**** DATA ****

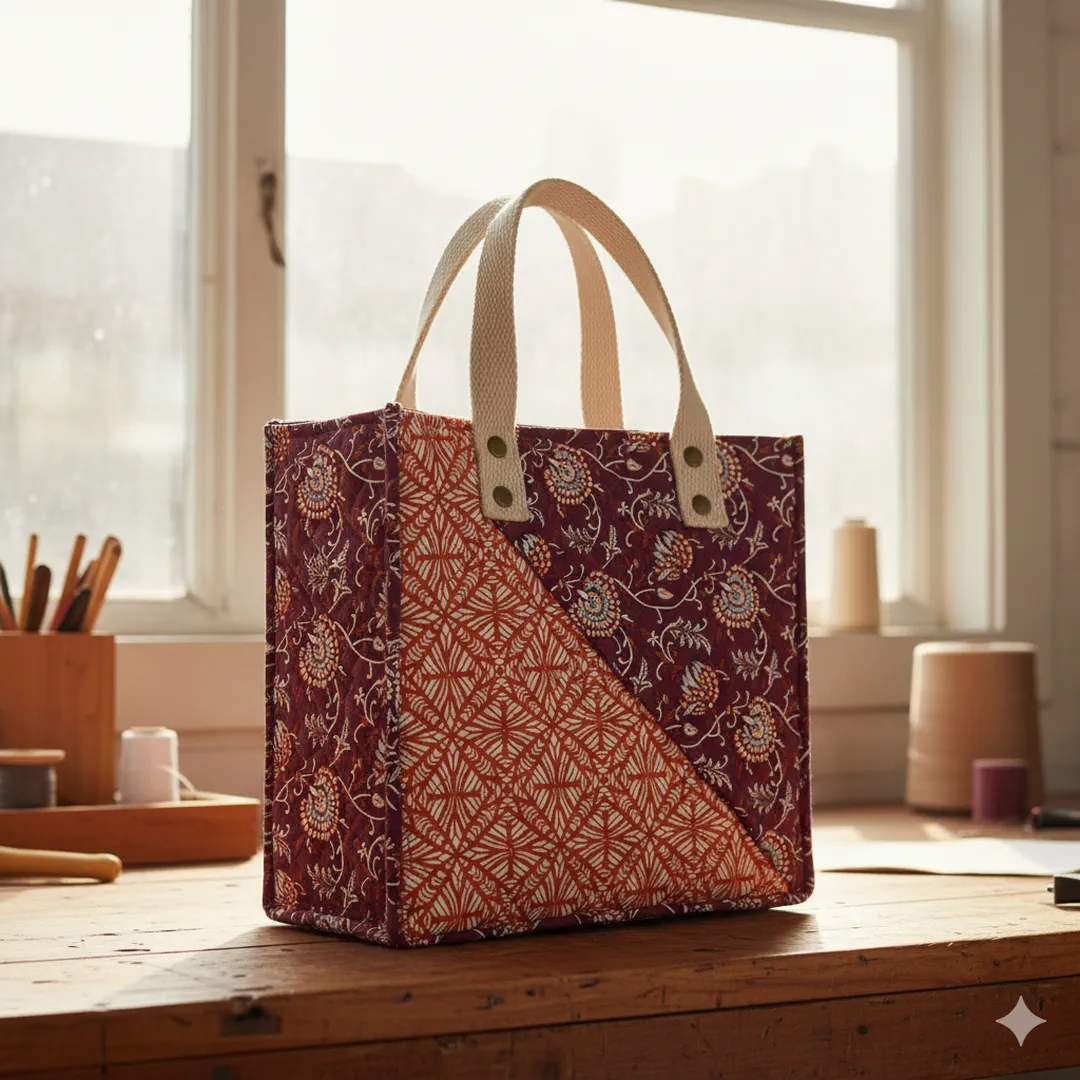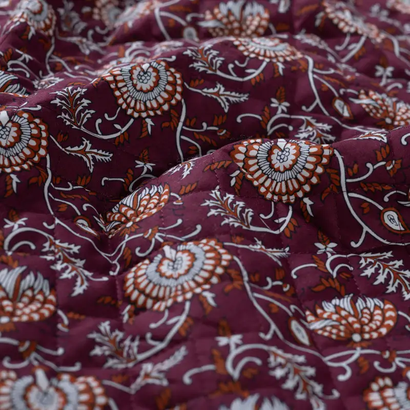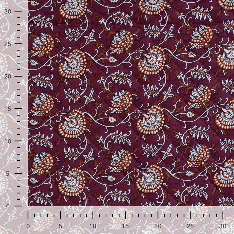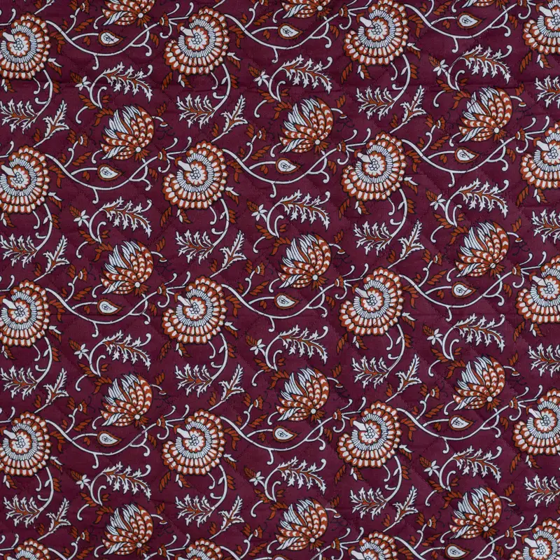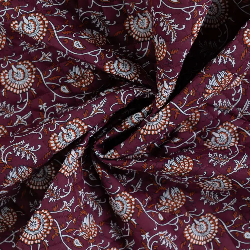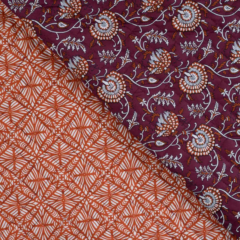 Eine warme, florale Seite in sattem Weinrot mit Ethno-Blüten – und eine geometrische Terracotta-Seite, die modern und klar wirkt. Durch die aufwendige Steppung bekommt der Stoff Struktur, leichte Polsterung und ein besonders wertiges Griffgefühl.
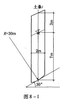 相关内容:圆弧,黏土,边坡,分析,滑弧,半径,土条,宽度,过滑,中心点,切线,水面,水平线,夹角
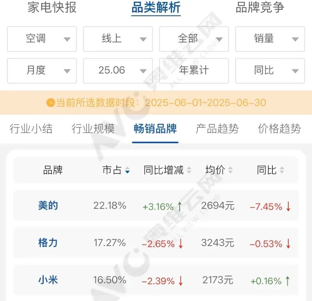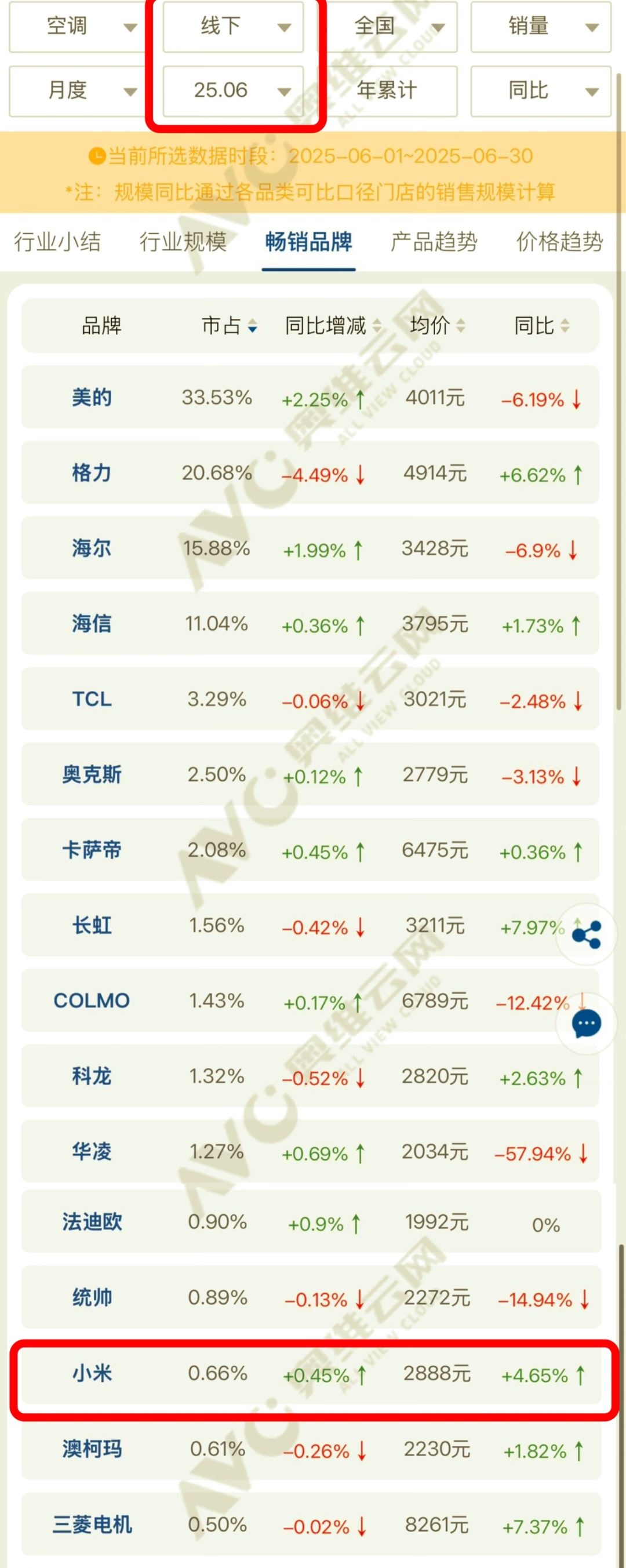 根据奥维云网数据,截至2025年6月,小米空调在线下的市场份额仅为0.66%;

****

**TASK TO COMPLETE:**
Please print the listing above again word for word, without its pictures.

**REPLY TO THE EXERCISE:**
 Eine warme, florale Seite in sattem Weinrot mit Ethno-Blüten – und eine geometrische Terracotta-Seite, die modern und klar wirkt. Durch die aufwendige Steppung bekommt der Stoff Struktur, leichte Polsterung und ein besonders wertiges Griffgefühl.
 相关内容:圆弧,黏土,边坡,分析,滑弧,半径,土条,宽度,过滑,中心点,切线,水面,水平线,夹角
 根据奥维云网数据,截至2025年6月,小米空调在线下的市场份额仅为0.66%;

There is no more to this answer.